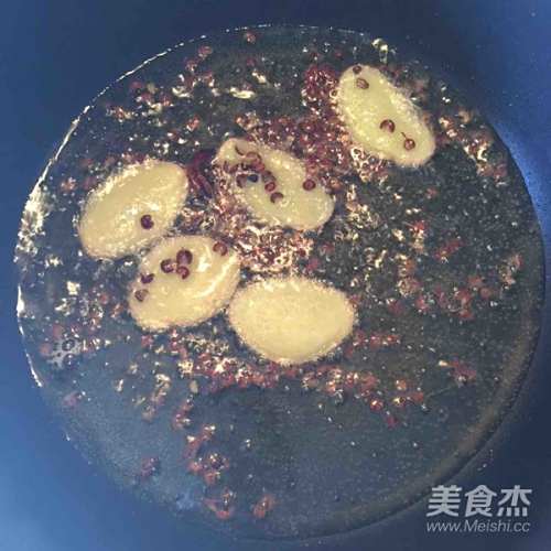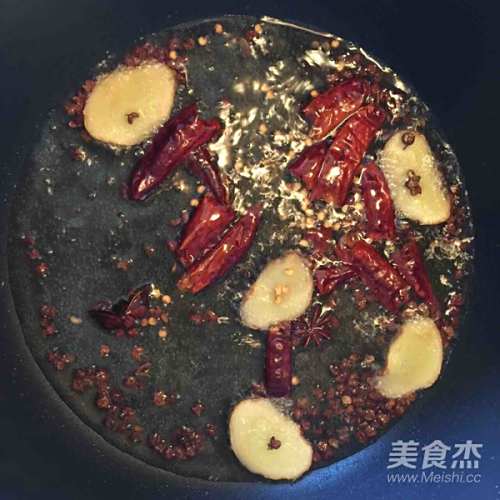 3食用油入锅烧热,放入生姜片、花椒、八角茴香炸香
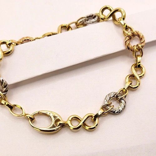 | изискана мека златна гривна от 14 к злато с акцент златни геометрични | |
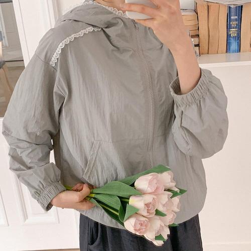[옷자락]여자 레이스 바람막이 후드집업 스트링 바스락 점퍼
⁂
■ **Work task**: For your answer, write out the data exactly and drop every picture.

■ **Response area**:
 3食用油入锅烧热,放入生姜片、花椒、八角茴香炸香
 | изискана мека златна гривна от 14 к злато с акцент златни геометрични | |
[옷자락]여자 레이스 바람막이 후드집업 스트링 바스락 점퍼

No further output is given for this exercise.